Your objective: The listing must be copied out in full and exactly; no images go with it.

Collected material:
....................

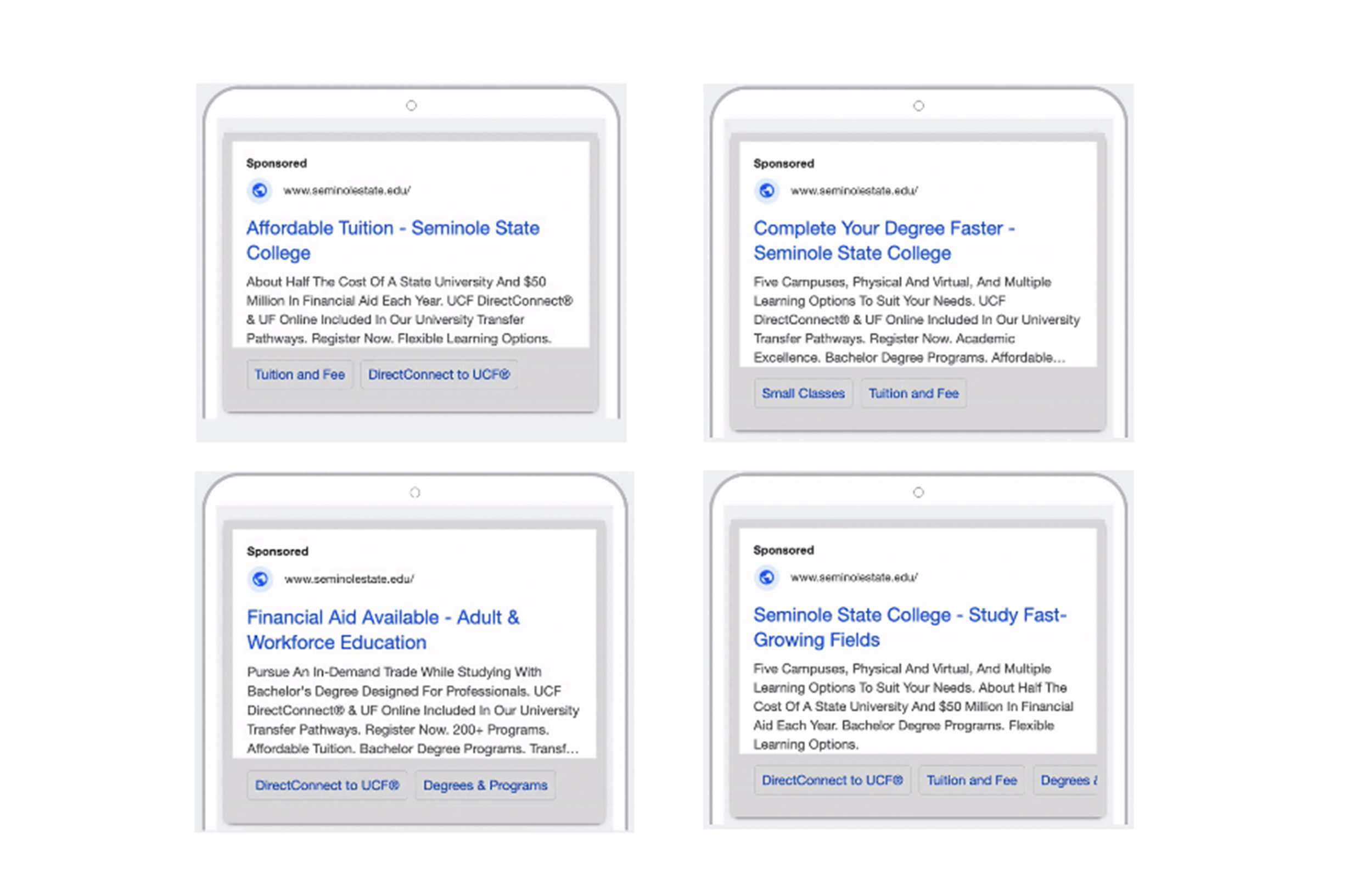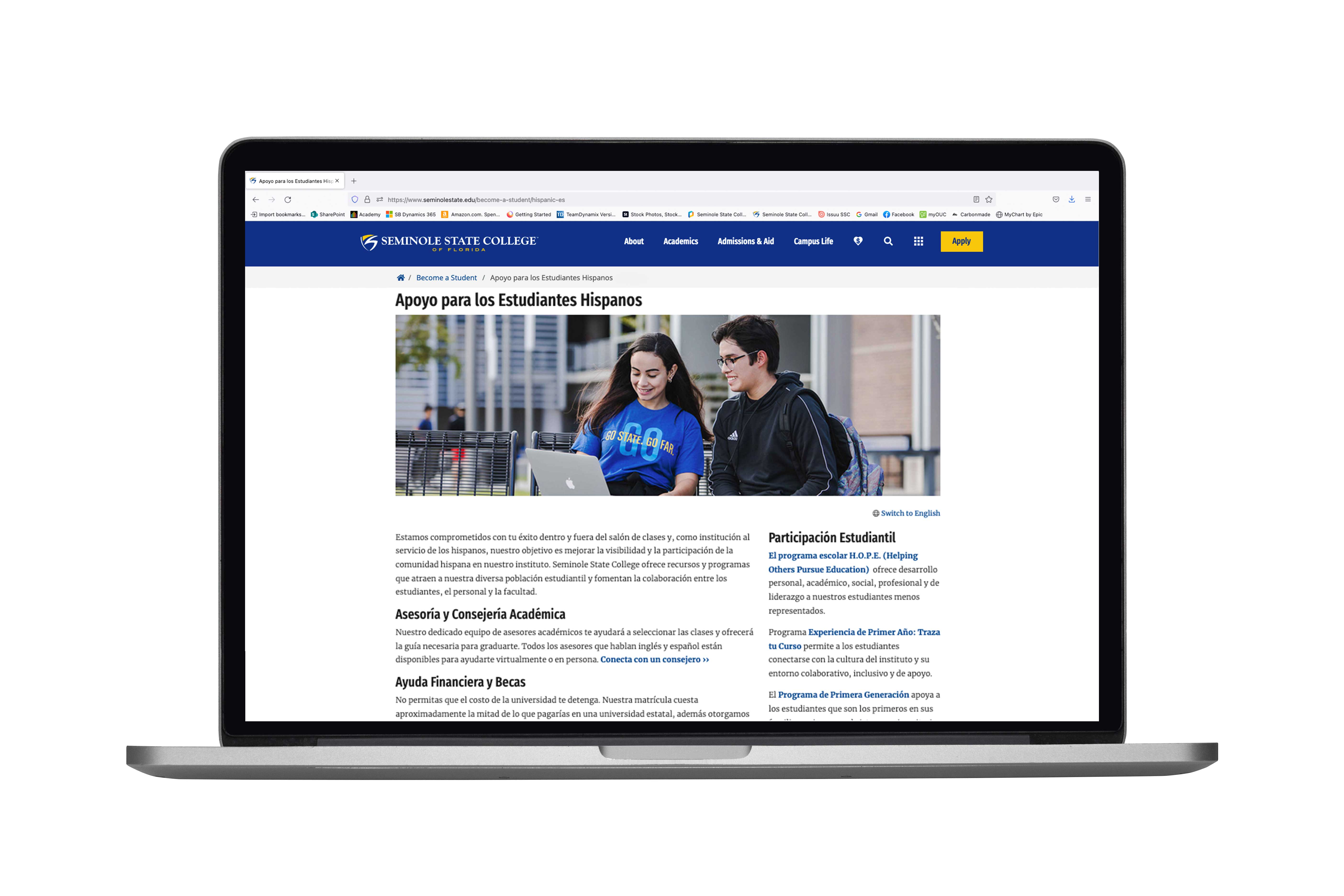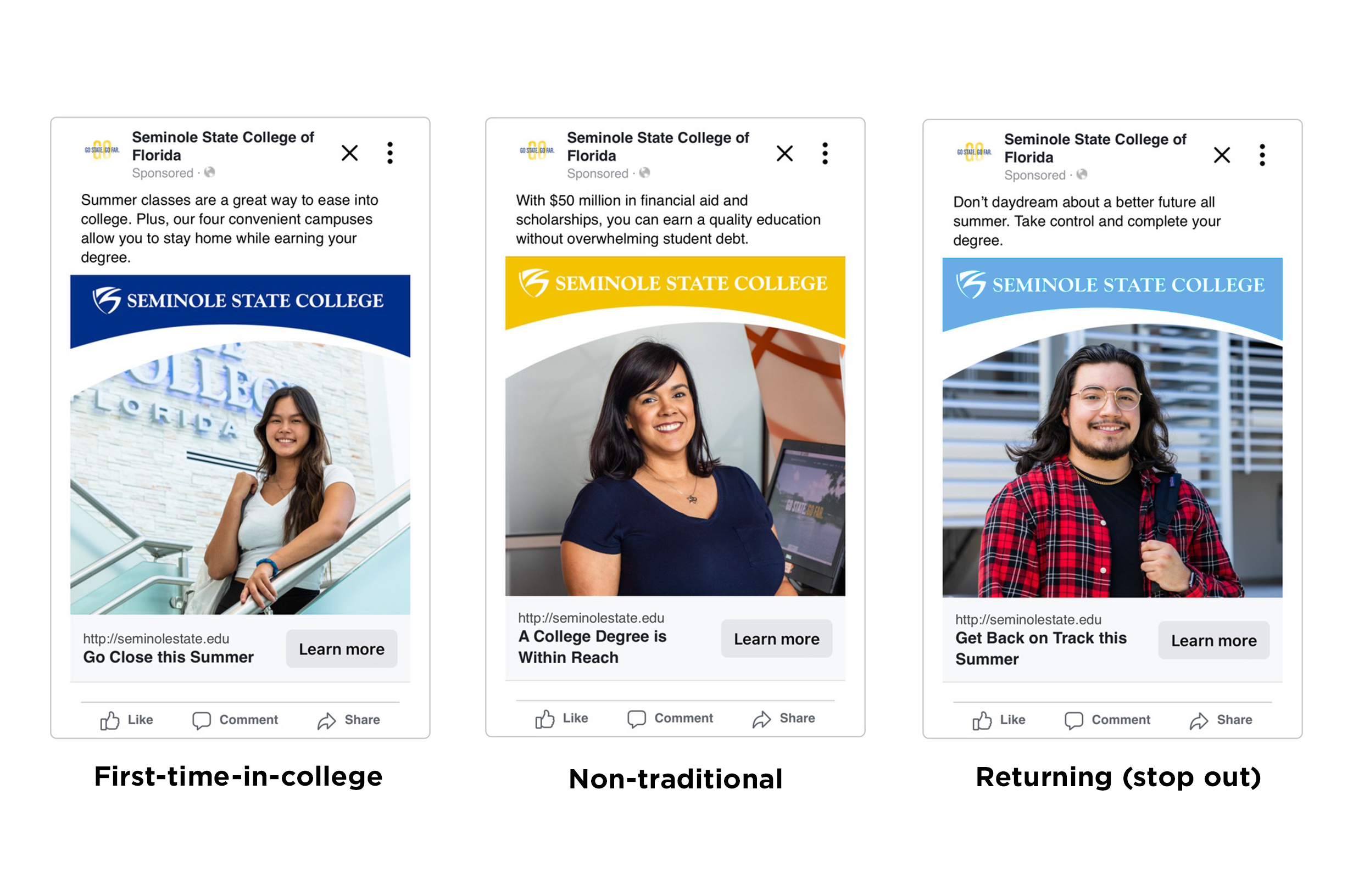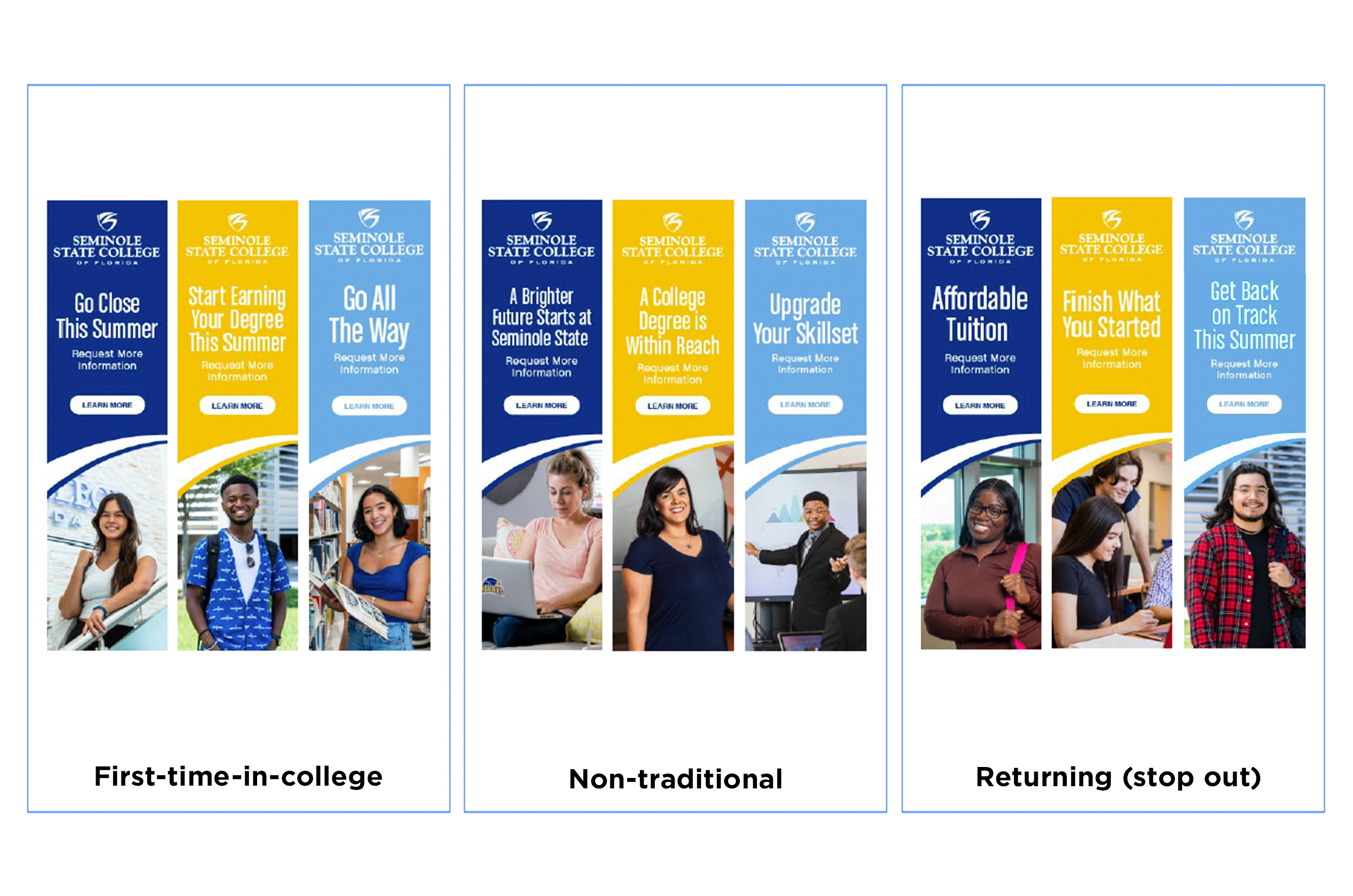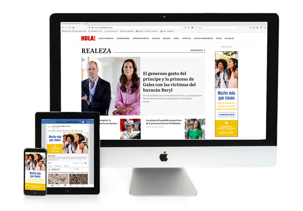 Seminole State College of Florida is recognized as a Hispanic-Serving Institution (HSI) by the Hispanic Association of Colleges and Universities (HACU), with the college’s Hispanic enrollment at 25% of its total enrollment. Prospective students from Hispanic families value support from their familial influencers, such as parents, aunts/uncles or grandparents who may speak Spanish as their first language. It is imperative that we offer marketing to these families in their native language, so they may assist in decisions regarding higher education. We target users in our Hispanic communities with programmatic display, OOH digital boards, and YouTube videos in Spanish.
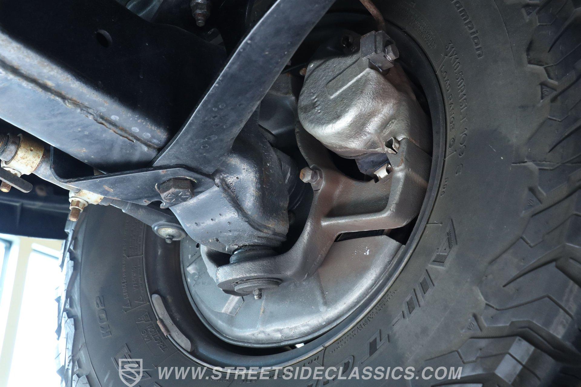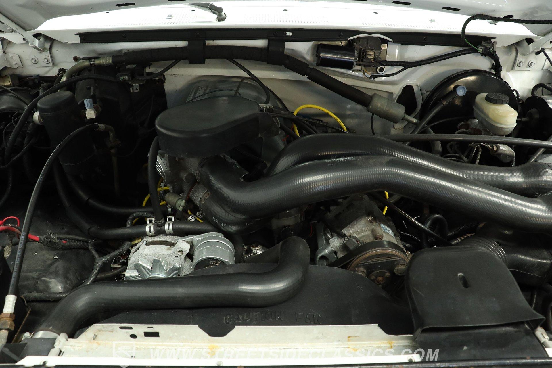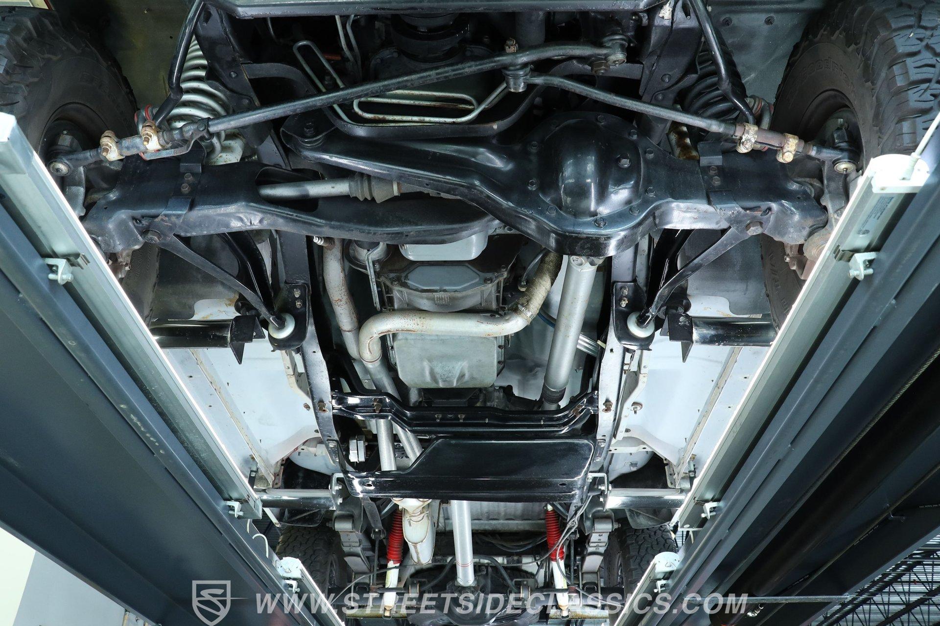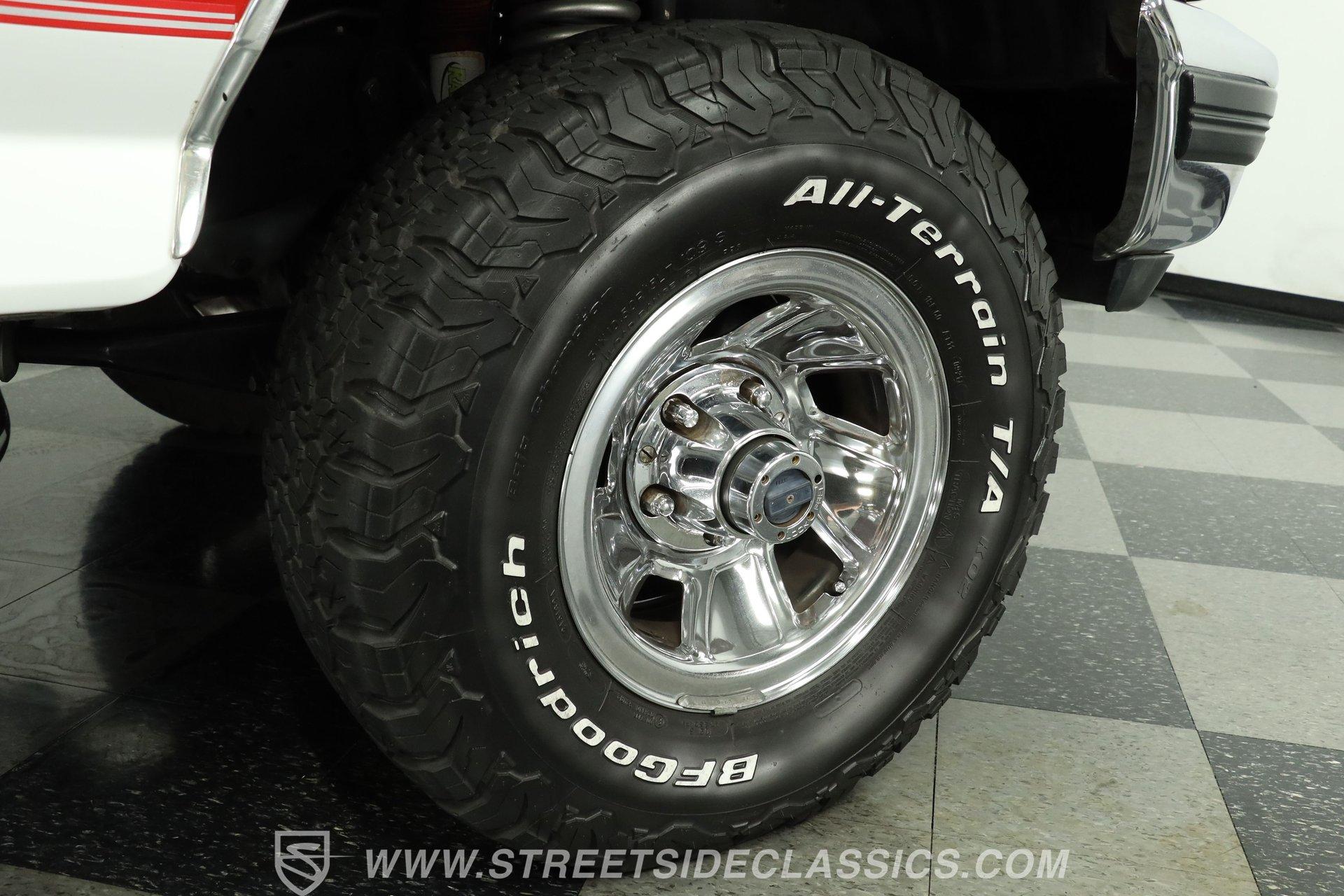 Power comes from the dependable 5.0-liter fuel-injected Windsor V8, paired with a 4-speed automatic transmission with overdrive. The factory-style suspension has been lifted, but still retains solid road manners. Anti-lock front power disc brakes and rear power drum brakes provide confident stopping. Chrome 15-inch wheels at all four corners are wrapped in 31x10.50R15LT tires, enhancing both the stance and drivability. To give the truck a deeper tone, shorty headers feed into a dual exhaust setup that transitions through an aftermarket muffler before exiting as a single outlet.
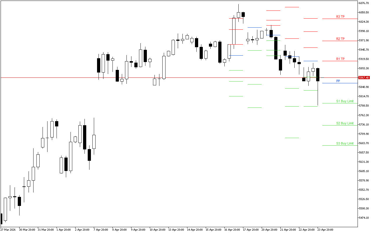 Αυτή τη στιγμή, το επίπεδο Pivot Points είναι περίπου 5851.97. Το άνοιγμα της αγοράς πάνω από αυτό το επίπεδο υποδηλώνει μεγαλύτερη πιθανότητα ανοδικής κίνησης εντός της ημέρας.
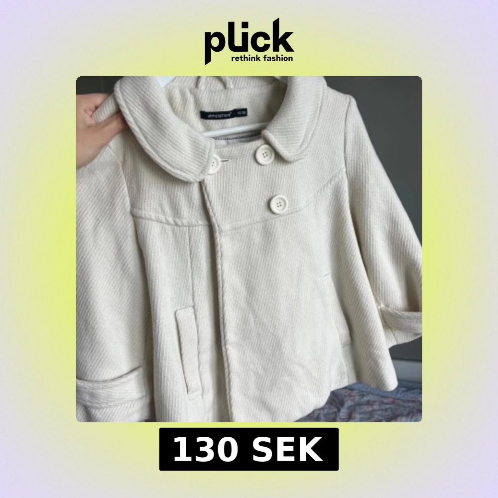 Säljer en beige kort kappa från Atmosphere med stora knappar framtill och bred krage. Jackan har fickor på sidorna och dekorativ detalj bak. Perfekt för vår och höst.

....................

Task solution:
 Seminole State College of Florida is recognized as a Hispanic-Serving Institution (HSI) by the Hispanic Association of Colleges and Universities (HACU), with the college’s Hispanic enrollment at 25% of its total enrollment. Prospective students from Hispanic families value support from their familial influencers, such as parents, aunts/uncles or grandparents who may speak Spanish as their first language. It is imperative that we offer marketing to these families in their native language, so they may assist in decisions regarding higher education. We target users in our Hispanic communities with programmatic display, OOH digital boards, and YouTube videos in Spanish.
 Power comes from the dependable 5.0-liter fuel-injected Windsor V8, paired with a 4-speed automatic transmission with overdrive. The factory-style suspension has been lifted, but still retains solid road manners. Anti-lock front power disc brakes and rear power drum brakes provide confident stopping. Chrome 15-inch wheels at all four corners are wrapped in 31x10.50R15LT tires, enhancing both the stance and drivability. To give the truck a deeper tone, shorty headers feed into a dual exhaust setup that transitions through an aftermarket muffler before exiting as a single outlet.
 Αυτή τη στιγμή, το επίπεδο Pivot Points είναι περίπου 5851.97. Το άνοιγμα της αγοράς πάνω από αυτό το επίπεδο υποδηλώνει μεγαλύτερη πιθανότητα ανοδικής κίνησης εντός της ημέρας.
 Säljer en beige kort kappa från Atmosphere med stora knappar framtill och bred krage. Jackan har fickor på sidorna och dekorativ detalj bak. Perfekt för vår och höst.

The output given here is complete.